At the entry steps of El Alto, a few kilometres away from the airport, there are some disturbances, gases and stones flying across military police and residents, called there by the Regional Workers Central (COR). "We must be vigilant to stop the gringo (Sanchez de Lozada) from escaping", says their leader Roberto de La Cruz.
"It only takes one hair of a gringo to defeat neoliberalism, to defeat the empire. Triumph belongs to the poor, to the workers and peasants", proclaims de La Cruz, cheered by a multitude by his side.
City streets and country roads are dominated by revolted masses of miners, peasants, students and neighbours of poor neighbourhoods. It is the real power that has dominated the formal power. It is the stone and wooden stick defeating the tanks and machine gun. But among the leaders there is doubt and debate about whether to accept or not Carlos Mesa, at least temporarily.
In Parliament, several deputies are already washing their hands on the massacre. Hoping to distance themselves in order to have some option, some authority, allowing them to place Carlos Mesa as the new president, so that COB and the multitude of thousands of heads, don't take their anger on them and destroy them also. "We are going to listen to the people, as we have always done", said with cynicism the officialist deputy Jaime Paz Pereira.

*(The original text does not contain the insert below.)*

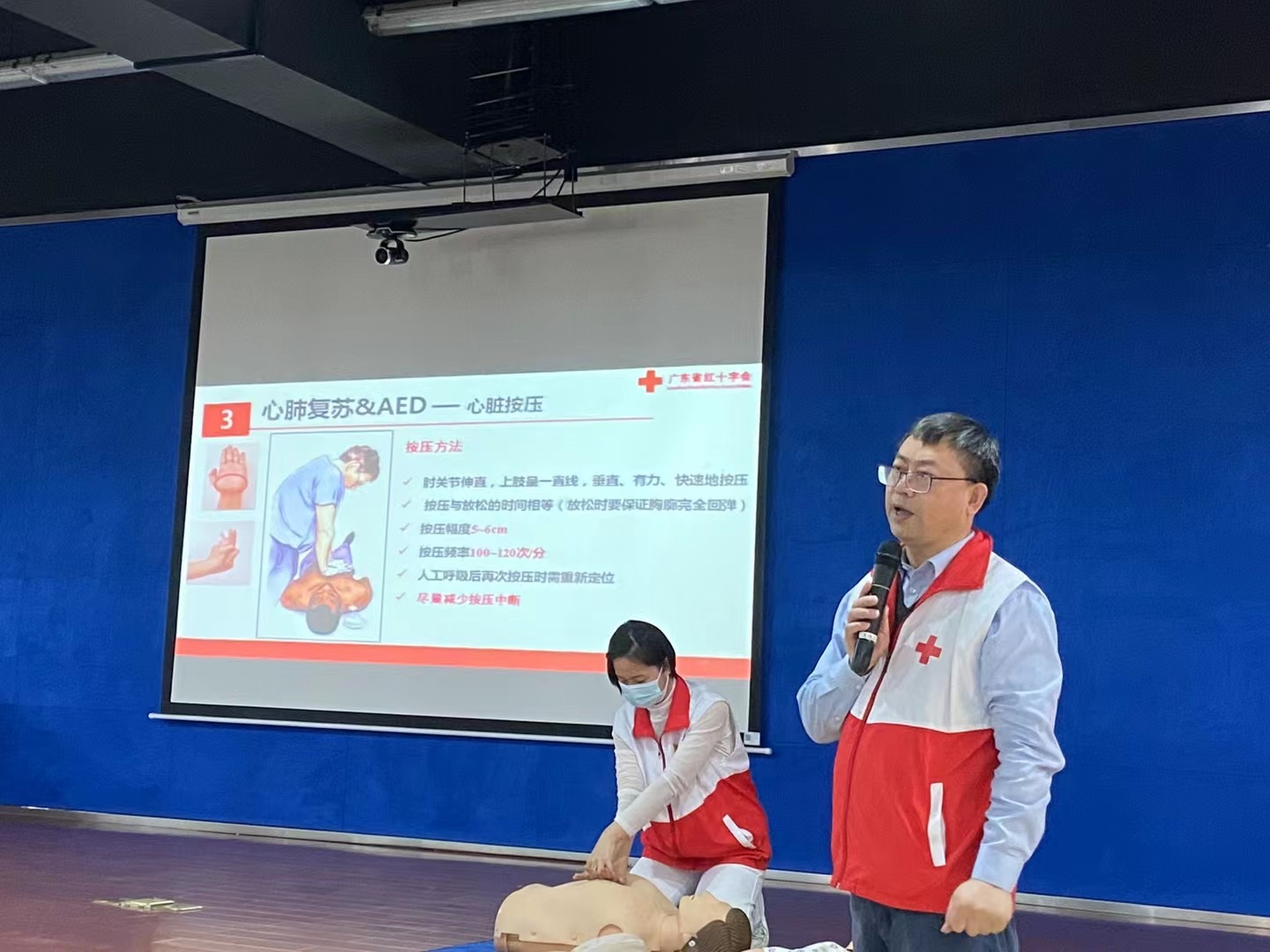 本次培训分为理论讲授和实践操作两部分,广东省红十字会志愿者中山大学孙逸仙纪念医院蒋龙元主任用身边生动鲜活的实例,对外伤止血与包扎、烧烫伤、溺水、AED、气道异物海姆立克手法、心肺复苏术等方面的急救知识进行了详细讲解,并现场通过模拟人就如何掌握基本心肺复苏技术的操作要领及注意事项进行了示范。

His father, former president Jaime Zamora, leader of the Revolutionary Left Movement (MIR), which abandoned Sanchez de Lozada on the early hours of this afternoon, is very clear: "I make a call to the population to look after Congress as if it were a baby, as if it had been born again", he says to the media inviting them to preserve democracy.
"We must unite in democracy", he points out, highlighting the importance of achieving a presidential succession within a constitutional frame, so as to not damage "the international trust", the foreign investment, the foreign cooperation and the foreign credits to Bolivia. The same speech, the same government program of Sanchez de Lozada, but without Sanchez de Lozada.

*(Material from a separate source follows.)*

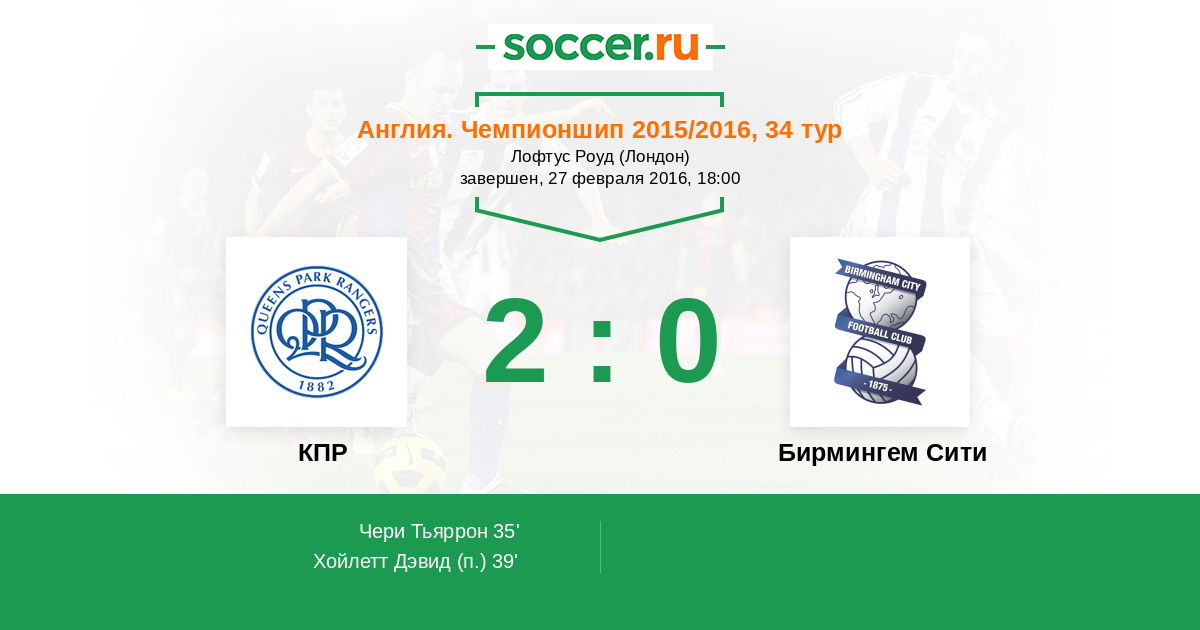 35' (1:0) Чери Тьяррон (8) (Перч Джеймс (24))

Out on the streets of El Alto, Roberto de La Cruz warns and calls the residents to make sure that Sanchez de Lozada and his minister of Defence , Carlos Sanchez Berzain, "do not escape". "We are also not going to forgive Jaime Paz Zamora, Manfred Reyes Villa (leader of the, until today, co-governing Nueva Fuerza Republicana) who must go to jail", he says.
From TV and radio stations, including the popular media, there are calls for the population to keep calm, to allow Congress to resolve the constitutional succession. They are saying that "Sanchez de Lozada is already resigning".
On San Francisco square, four blocks from Congress, thousands of miners, dynamite on hand, are cheered by a multitude. It is four thirty in the afternoon and among the leaders of COB, the proposal of allowing Carlos Mesa to be sworn in as the new President of Bolivia is gaining terrain, hoping for him to give resolution to our demands of nullifying the project of exporting gas to United States and to re-nationalize the gas and oil industry, along with other demands seeking to shrink neoliberalism and free market.
"We are going to negotiate with the new President and if he does not resolve our demands, we will make a call for a Popular Assembly with representatives of every social, labour and popular organizations of the country, to recover the gas by our own means and to satisfy the rest of the popular demands", says to Econoticiasbolivia one of the highest leaders of COB, few moments before the initiation of a wide assembly to define the final worker's position.